(INFORMATION SUPPLIED Opens)
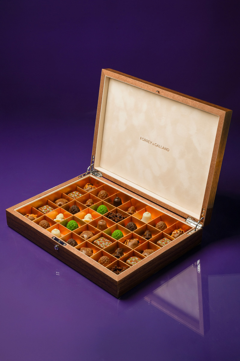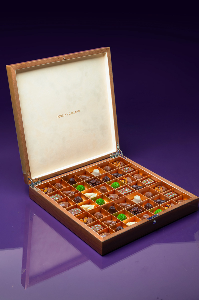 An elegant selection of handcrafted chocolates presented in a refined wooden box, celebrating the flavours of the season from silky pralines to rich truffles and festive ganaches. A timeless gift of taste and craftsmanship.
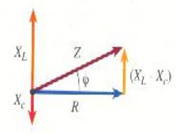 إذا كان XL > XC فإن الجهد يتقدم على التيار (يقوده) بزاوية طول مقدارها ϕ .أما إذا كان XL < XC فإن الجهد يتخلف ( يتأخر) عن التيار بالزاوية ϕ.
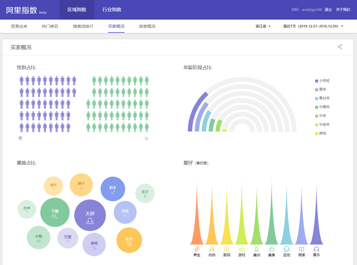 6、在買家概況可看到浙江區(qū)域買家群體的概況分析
(INFORMATION SUPPLIED Closes)
(INFORMATION SUPPLIED Opens)
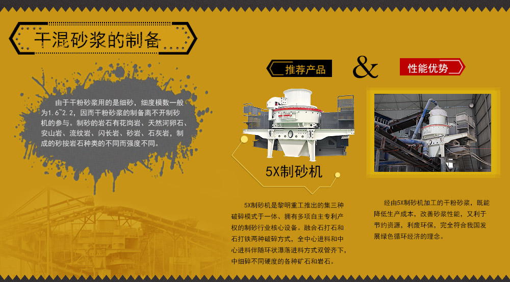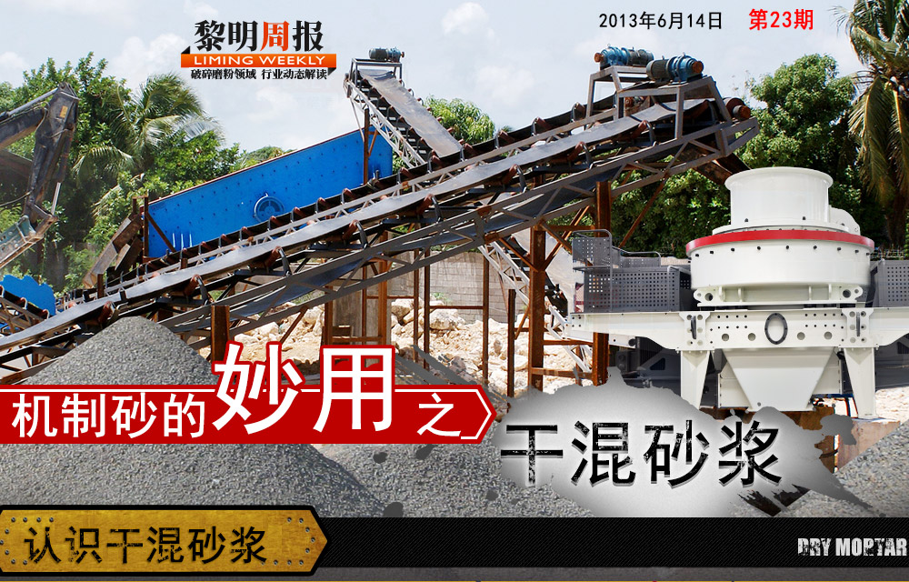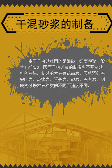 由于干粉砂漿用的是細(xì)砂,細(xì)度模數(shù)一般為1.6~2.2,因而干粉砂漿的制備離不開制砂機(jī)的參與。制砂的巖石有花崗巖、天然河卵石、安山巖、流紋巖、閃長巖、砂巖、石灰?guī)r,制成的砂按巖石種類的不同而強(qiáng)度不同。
(INFORMATION SUPPLIED Closes)
■ TASK STATEMENT ■
Please set down, exactly and with no pictures, the lines in the entries above starting at the one holding "An elegant selection" and ending at the one holding "6、在買家概況可看到浙江區(qū)域買家群體的概況分析", ends included.

■ ANSWER BELOW ■
 An elegant selection of handcrafted chocolates presented in a refined wooden box, celebrating the flavours of the season from silky pralines to rich truffles and festive ganaches. A timeless gift of taste and craftsmanship.
 إذا كان XL > XC فإن الجهد يتقدم على التيار (يقوده) بزاوية طول مقدارها ϕ .أما إذا كان XL < XC فإن الجهد يتخلف ( يتأخر) عن التيار بالزاوية ϕ.
 6、在買家概況可看到浙江區(qū)域買家群體的概況分析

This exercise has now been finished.